I might have to ask for a pair for X-Mas and buy one myself!


----------



## Styro-J (Jan 20, 2009)

This also marks the first time we can Outflank with a selection from every slot type in the army. More of a fun note, really


----------



## ROT (Jun 25, 2010)

AV11 isn't that bad, to be fair. Think about it; Rhinos are AV11; Those things survive far beyond statistics would suggest.

I Think it's great to see a new sexy Eldar model; And I don't mind so much that it's fragile.. It's speed should make up for it- And Besides, MOST of eldar follows that rule: Fast, Dangerous, Fragile. - With Obvious exceptions (Wraithlords for example) to prove the rule. :biggrin:


----------



## Azkaellon (Jun 23, 2009)

Katie Drake said:


> Granted, it's just... 125-145 points for AV11? :shok: That's the sort of investment that is either win big or lose big, I think.


Ya thats eldar for ya, but on the upside i can see this tank being a great anti-blood angel and Dark eldar unit! (think of fighting 3 of these with pulsar\star cannon and 2 falcons with a nightspinner fire support)

Or hell 9 of these things in a game would just be WRONG!


----------



## Orochi (Jan 28, 2009)

Beautiful model...Fucked up rules entry.

Weapons over-costed and BS3.

So sad


----------



## Vaz (Mar 19, 2008)

Witch King of Angmar said:


> Ya thats eldar for ya, but on the upside i can see this tank being a great anti-blood angel and Dark eldar unit! (think of fighting 3 of these with pulsarstar cannon and 2 falcons with a nightspinner fire support)
> 
> Or hell 9 of these things in a game would just be WRONG!


9 of them for 1225pts? Yeah, awesome...


----------



## Azkaellon (Jun 23, 2009)

Vaz said:


> 9 of them for 1225pts? Yeah, awesome...


Yup i would say worth the points for the fact almost nothing would live through a turn of there fire.


----------



## Sethis (Jun 4, 2009)

ROT said:


> AV11 isn't that bad, to be fair. Think about it; Rhinos are AV11; Those things survive far beyond statistics would suggest.


Rhinos survive because they are very low threats unless they actually have something valuable in them, which isn't usually the case. The Predator/Land Raider/Dreadnought on the other hand tends to attract a lot of fire.

Three of these babies appearing on your flank will make anyone sit up and take notice.


----------



## Katie Drake (Nov 28, 2007)

Sethis said:


> Rhinos survive because they are very low threats unless they actually have something valuable in them, which isn't usually the case.


Also: smoke launchers.


----------



## boreas (Dec 4, 2007)

I think a model is pretty much spot on when half the players would take them and half the players wouldn't.
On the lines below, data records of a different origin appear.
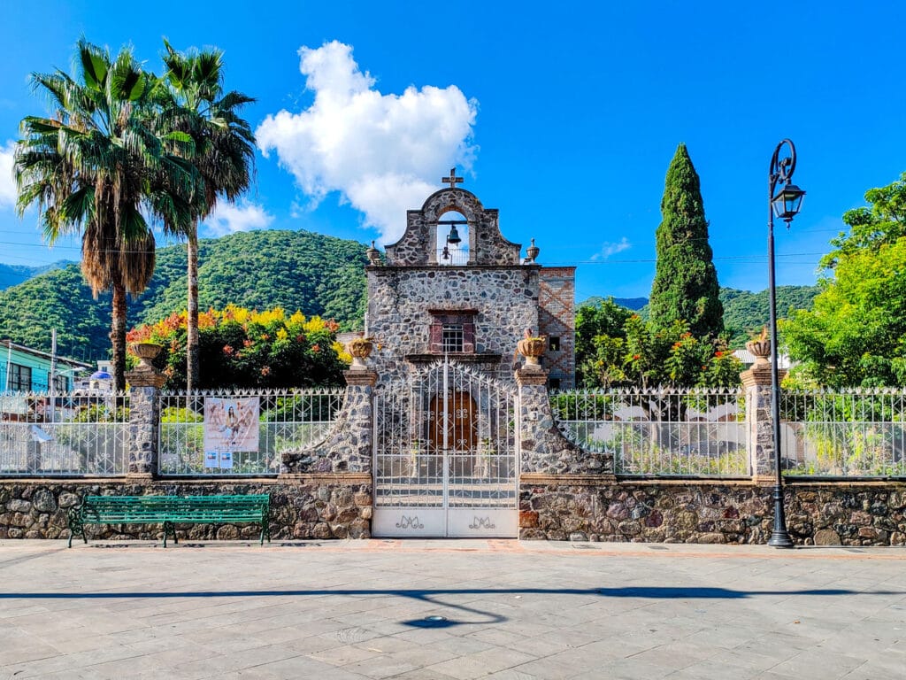 Junto a la plaza se encuentra uno de los edificios más emblemáticos de Ajijic: la Capilla de la Virgen del Rosario. Construida en el siglo XVI, es considerada una de las construcciones religiosas más antiguas de la región. Su fachada de piedra y su interior sencillo pero solemne son un reflejo del pasado colonial del pueblo.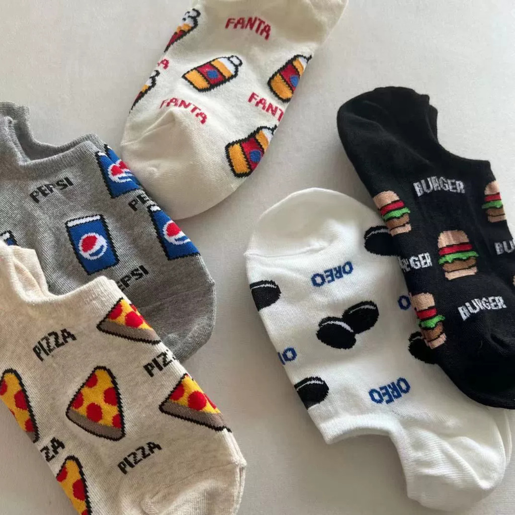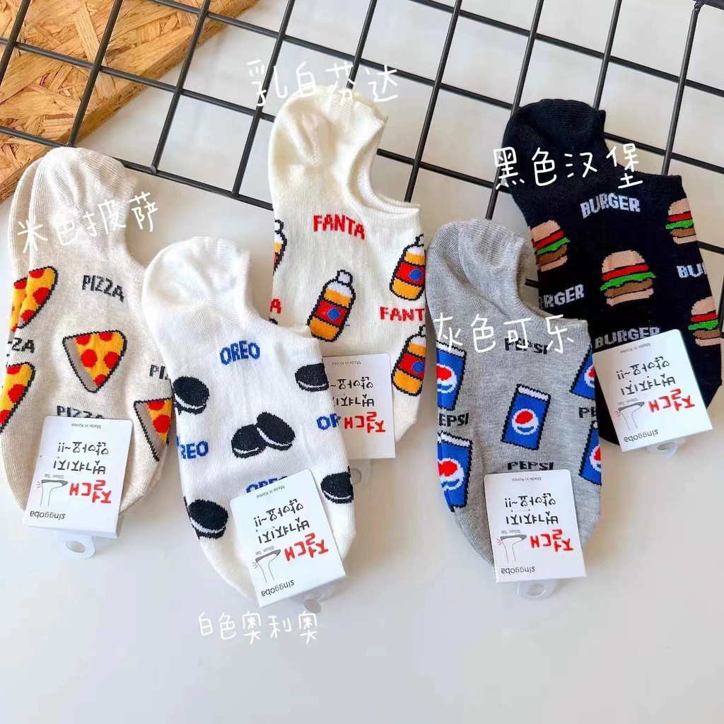 ฤดูร้อนใหม่ถุงเท้าพิซซ่าหญิงญี่ปุ่นเบอร์เกอร์น่ารักที่มองไม่เห็นเรือถุงเท้าการ์ตูนเกาหลีถุงเท้าปากตื้น
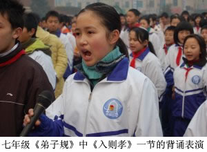 | 2007年1月29日上午,我校举行了以“建和谐校园,促学校发展”为主题的散学典礼。在散学典礼上,刘增利校长对本学期的各方面工作进行了总结,并勉励全校学生:要做一个孝敬父母的人,做一个受欢迎的人。初一年级学生进行了传统文化《弟子规》中《入则孝》一节的背诵表演,让“孝”——这个中华民族的传统美德深入每个学生的心灵,朗诵时整齐而又抑扬顿挫,节奏明朗而又不乏古人之气质,让整个校园沉浸在传统文化的氛围当中,对全校师生思想和心灵都有了极大的震动。最后对本学期各年级涌现出的三好学生、优秀学生干部、文明生、学生会团委优秀干部、文明住校生、优秀室长等进行了表彰。 | |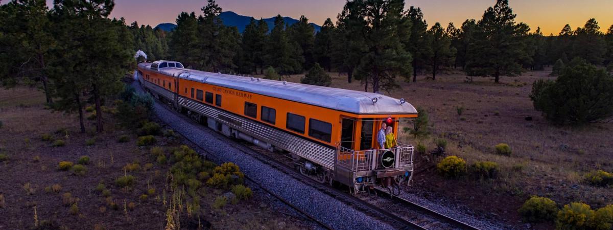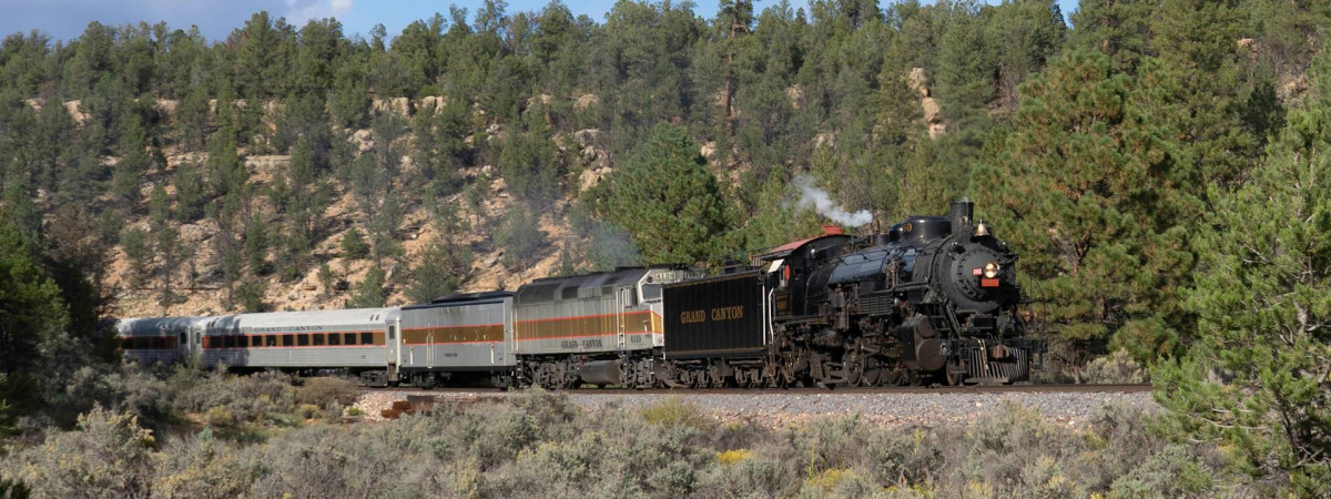 Erleben Sie den Grand Canyon auf eine einzigartige Weise mit Grand Canyon Railway & Hotel. Seit 1901 bringt die historische Eisenbahn Besucher von Williams, Arizona, direkt zum Südrand des Grand Canyon. Die 64-Meilen-Strecke führt durch atemberaubende Landschaften und bietet ein nostalgisches Reiseerlebnis mit restaurierten Waggons und Live-Unterhaltung.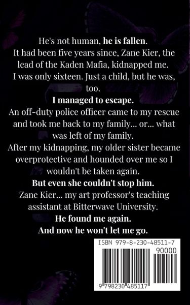 HE FOUND HER ONCE, HE CAN DO IT AGAIN He's not human, he is fallen. It had been five years since, Zane Kier, the lead of the Kaden Mafia, kidnapped me. I was only sixteen. Just a child, but he was, too. I managed to escape. An off-duty police officer came to my rescue and took me back to my family... or... what was left of my family. After my kidnapping, my older sister became overprotective and hounded over me so I wouldn't be taken again. But even she couldn't stop him. Zane Kier... my art professor's teaching assistant at Bitterwave University. He found me again. And now he won't let me go.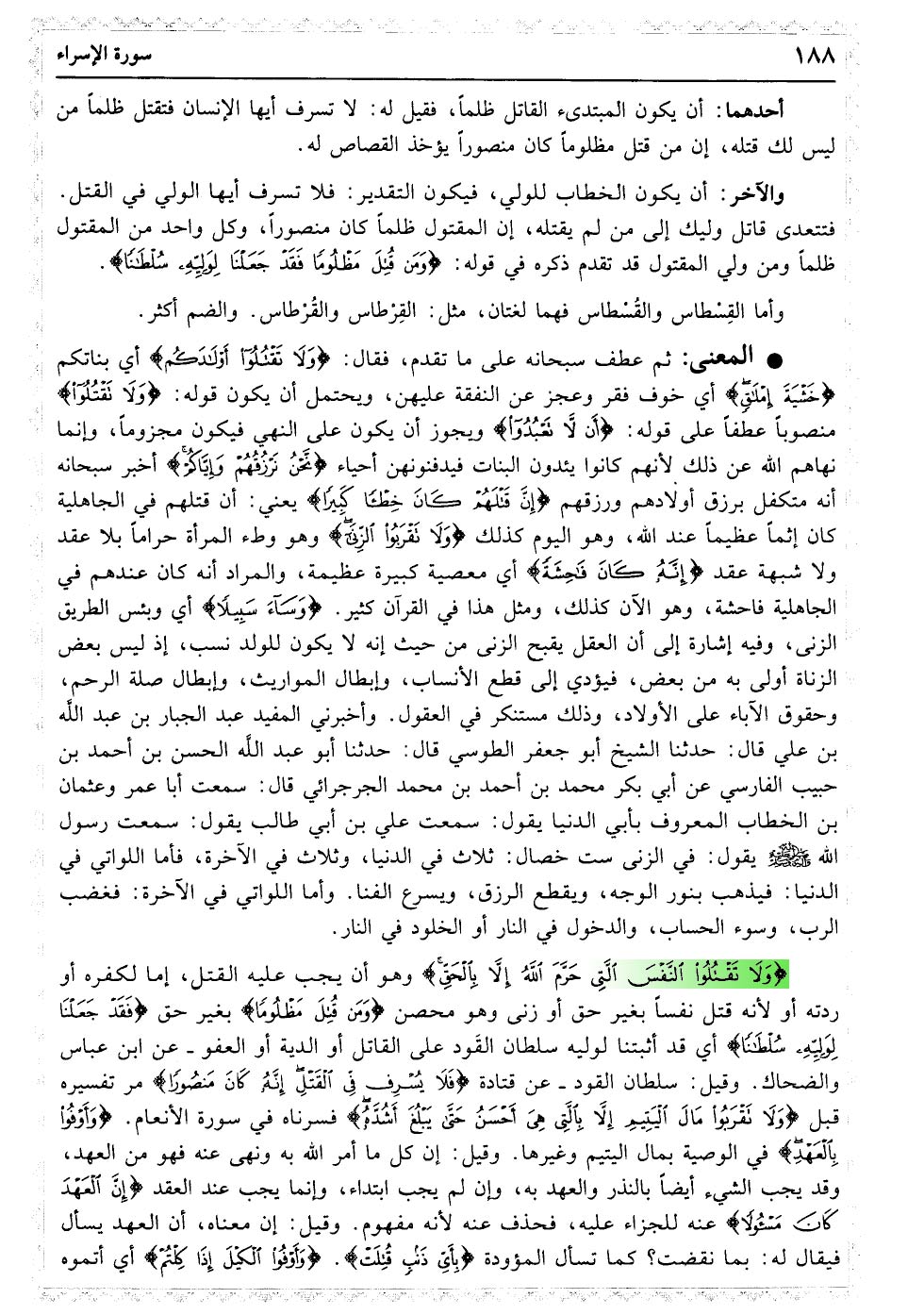 وَلا تَقْتُلُوا أَوْلادَکُمْ خَشْیَةَ إِمْلاقٍ نَحْنُ نَرْزُقُهُمْ وَإِیَّاکُمْ إِنَّ قَتْلَهُمْ کَانَ خِطْئًا کَبِیرًا﴿۳۱﴾ وَلا تَقْرَبُوا الزِّنَا إِنَّهُ کَانَ فَاحِشَةً وَسَاءَ سَبِیلا﴿۳۲﴾ وَلا تَقْتُلُوا النَّفْسَ الَّتِی حَرَّمَ اللَّهُ إِلا بِالْحَقِّ وَمَنْ قُتِلَ مَظْلُومًا فَقَدْ جَعَلْنَا لِوَلِیِّهِ سُلْطَانًا فَلا یُسْرِفْ فِی الْقَتْلِ إِنَّهُ کَانَ مَنْصُورًا﴿۳۳﴾ وَلا تَقْرَبُوا مَالَ الْیَتِیمِ إِلا بِالَّتِی هِیَ أَحْسَنُ حَتَّی یَبْلُغَ أَشُدَّهُ وَأَوْفُوا بِالْعَهْدِ إِنَّ الْعَهْدَ کَانَ مَسْئُولا﴿۳۴﴾ وَأَوْفُوا الْکَیْلَ إِذَا کِلْتُمْ وَزِنُوا بِالْقِسْطَاسِ الْمُسْتَقِیمِ ذَلِکَ خَیْرٌ وَأَحْسَنُ تَأْوِیلا﴿۳۵﴾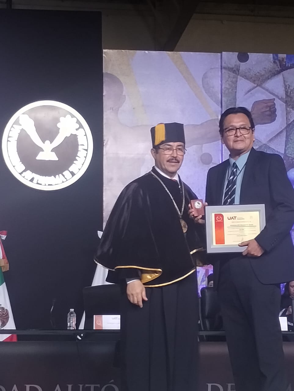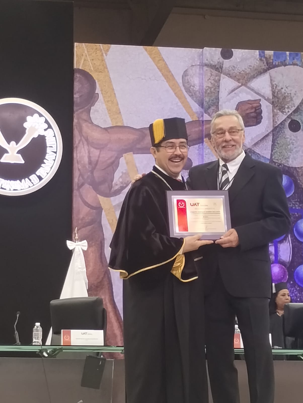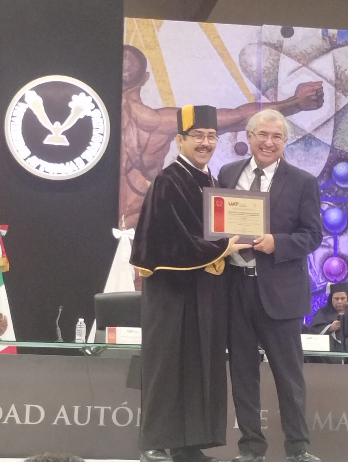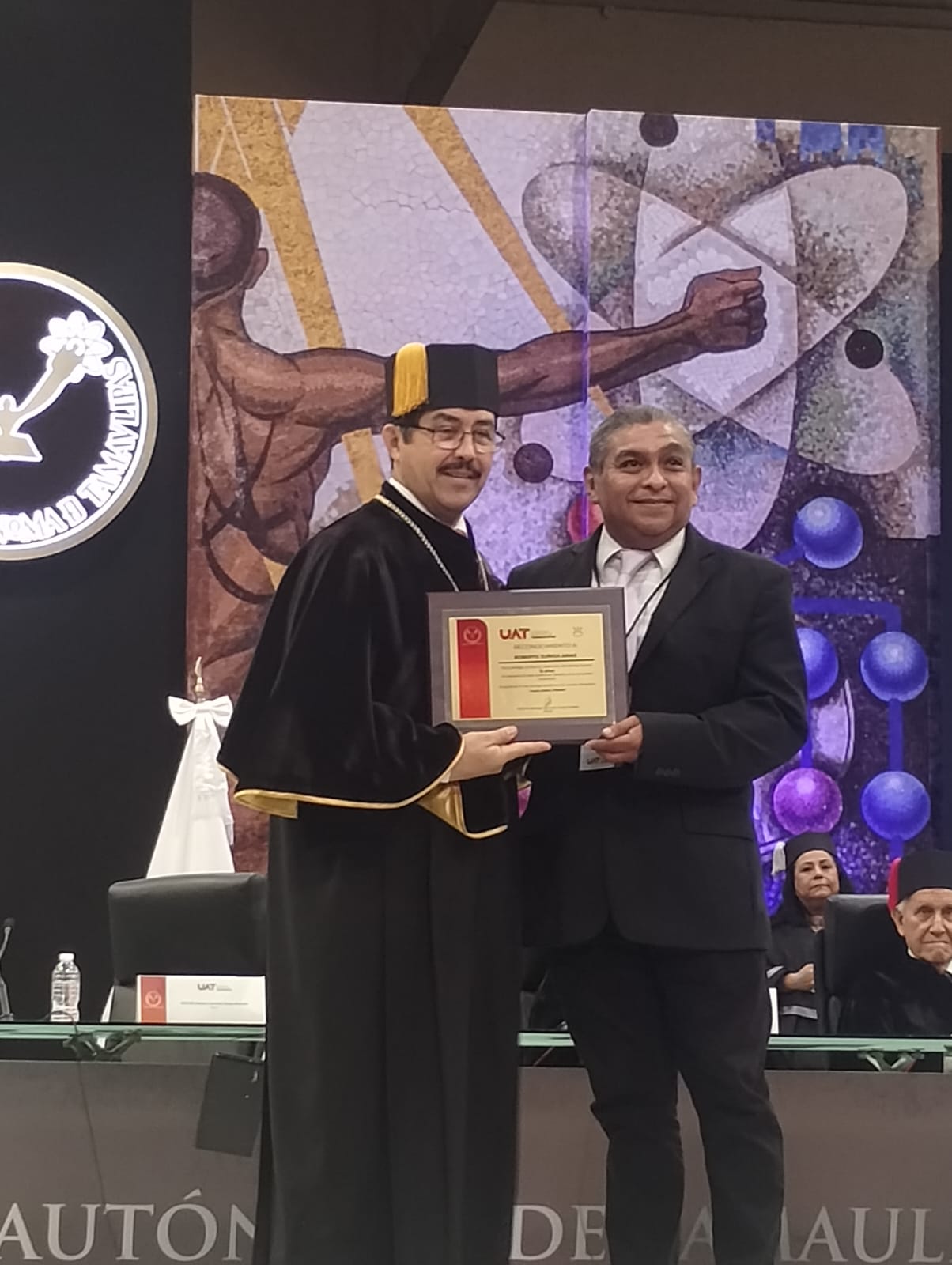 Los maestros fueron reconocidos por el Rector de la máxima casa de estudios de Tamaulipas, MVZ Dámaso Anaya Alvarado, en trascendente ceremonia llevada a cabo en el Gimnasio Multidisciplinario de la UAT en el Campus Victoria.

If it was an obvious pick, it'd be undercosted.

Phil


----------



## Katie Drake (Nov 28, 2007)

boreas said:


> I think a model is pretty much spot on when half the players would take them and half the players wouldn't. If it was an obvious pick, it'd be undercosted.
> 
> Phil


People that will take something that others avoid tend to be into the hobby for different reasons a good amount of the time.


----------



## Lannanaris (Nov 4, 2010)

Personally I like the rules, but the model is a let down. 
Not sure what it is tho? I don't like the shape I think. Also if you put scatter lasers on it, I think it would look even stranger as the guns are quite small. It might lead to the tank looking front heavy.


----------



## Bubblematrix (Jun 4, 2009)

I think that the real question is: is this better costed than a vyper?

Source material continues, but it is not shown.